The method of reasoning that juries use to reach a verdict is not something that the law is interested in putting under a microscope, a telescope, or a colonoscope. The verdict represents the cumulative effect, great or small, of the evidence, the appearance of the witnesses, the lawyers (some say even the color of the clothes the lawyers wear is crucial), the stirring closing arguments employing striking phrases, romantic metaphors, biblical proverbs, frequent references to common sense, the court’s instruction, and the life experiences of each juror.
Is the verdict the product of something called jury reasoning? Is it different from the reasoning of judges and lawyers? Is there such a thing as legal reasoning?
Law schools choose not to confront the subject. The law schools I know of offer no course in legal reasoning. It is something that is best picked up along the way as a collateral benefit derived from reading cases and statutes. Law students and lawyers, when asked to give a definition of legal reasoning, respond with a long pause.
At one time I had a stack permit that gave me the right to roam at will the stacks of the Library of Congress law division. In my wanderings up and down the aisles, I noticed odd-looking books whose titles indicated that the author believed that legal reasoning was pure deductive logic. It was asserted that the elementary laws that control human relations are discoverable by the methods used in the natural sciences. This is the true path to the knowledge that unifies torts, contracts, and the criminal law. I was young at the time and I was drawn to such books because I, too, wanted legal reasoning elevated to that level. Each of these books was privately printed and always in the first edition.
Here is a typical quotation:
The system of pleading as worked out with such completeness by the common law, and accepted with but slight modification by modern codes, is at bottom no more than a plan by which an action at law is put upon a syllogistic basis. Each pleading in succession shifts the material of the syllogism until the fact in issue, be it a legal fact or a natural fact, is affirmed on one side and denied on the other. The final antithesis represents the premises of the syllogism which will determine the solution of the case.
Common law pleading, with all its pretensions to formal logic and scientific certitude, was swept away with the enactment of the Federal Rules of Civil Procedure. Long before this Oliver Wendell Holmes Jr. had decided that formal logic, with its use of the major premise and the minor premise and the impressive ergo, has little to do with deciding real cases. Law, like everything else in life, is tentative. It does not deal in absolutes. Even if it did, it would cause a lot of trouble. Those who think they are absolutely correct are the kind of people who fight a war with others who think they are absolutely correct.
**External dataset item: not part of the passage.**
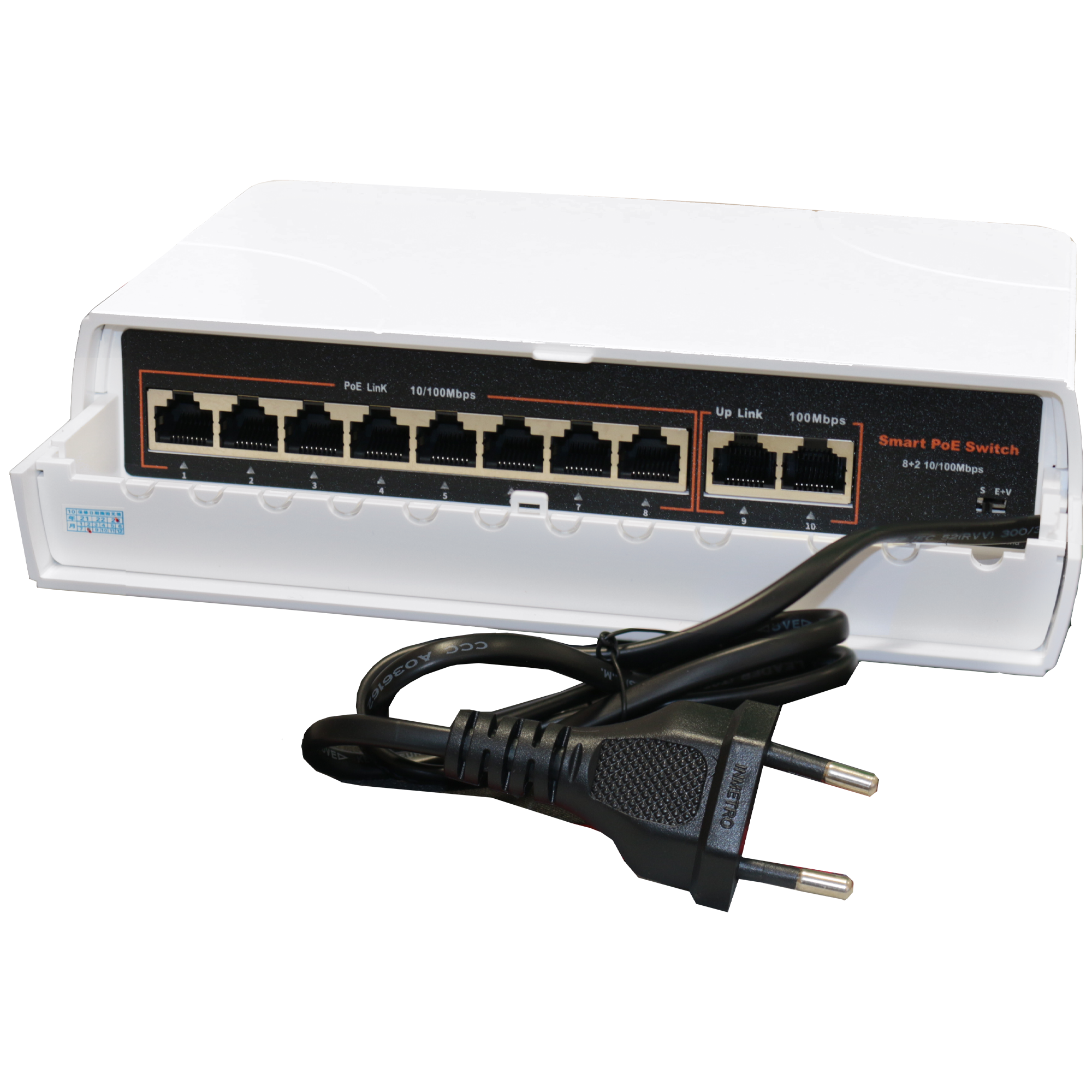 8 PoE портов 10/100мбит/с Base-TX, 2 Uplink порта 10/100мбит/с UPLink port.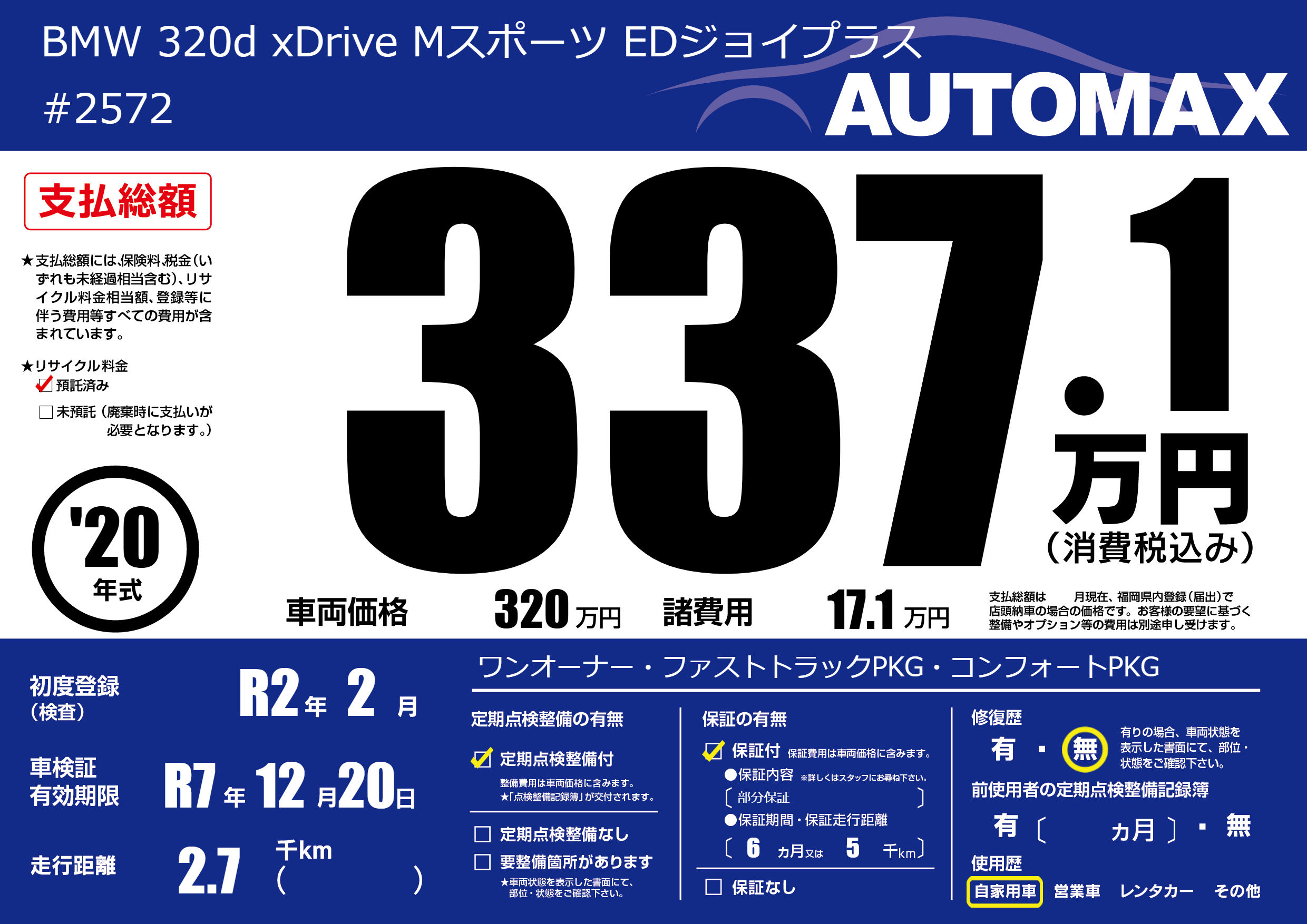 | 車名 | BMW 320d xDrive Mスポーツ EDジョイプラス | グレード ミッション 排気量 |

As far as Holmes was concerned, the legal process is not particularly good at getting at truth. Five to four is good enough. The law’s job is to settle real disputes as best it can, and the best way to do it often requires a dose of illogicality.
Albert W. Alschuler, a professor at the University of Chicago Law School, in a recent Holmes biography, says that Holmes injected a poisonous skepticism into American law. Holmes did not believe in a divinely imposed distinction between right and wrong. Alschuler declares that Holmes bears some of the blame for the present acceptance of relativity in all human conduct, a relativity that discourages discipline.
There is another recent book that describes Holmes’s philosophical views on legal reasoning. It is titled The Metaphysical Club by Louis Menand. Menand, although not a lawyer, writes concisely and clearly concerning Holmes and legal reasoning. The next time someone has the audacity to ask you to define legal reasoning, you might repeat Louis Menand’s definition:
Jurisprudential theories, like theories of literary criticism or historical methodologies, are generally categorized according to the element of their subjects they take to be essential. A legal theory that stresses the logical consistency of judicial opinions is called formalist; a theory that emphasizes their social consequences is called utilitarian; a theory that regards them as reflections of the circumstances in which they were written is called historicist. The problem with all such theories is that they single out one aspect of the law as the essential aspect. It was Holmes’s genius as a philosopher to see that the law has no essential aspect.
Now back to the briber and the bribee. Was the jury verdict really all that bad? After the verdict a few of the jurors were interviewed. The evidence, as the case unfolded, made it clear that the briber used his position of power to extort the bribe. The verdict that appeared illogical, on reflection, had a respectable informal jury logic of its own. Holmes may have liked it.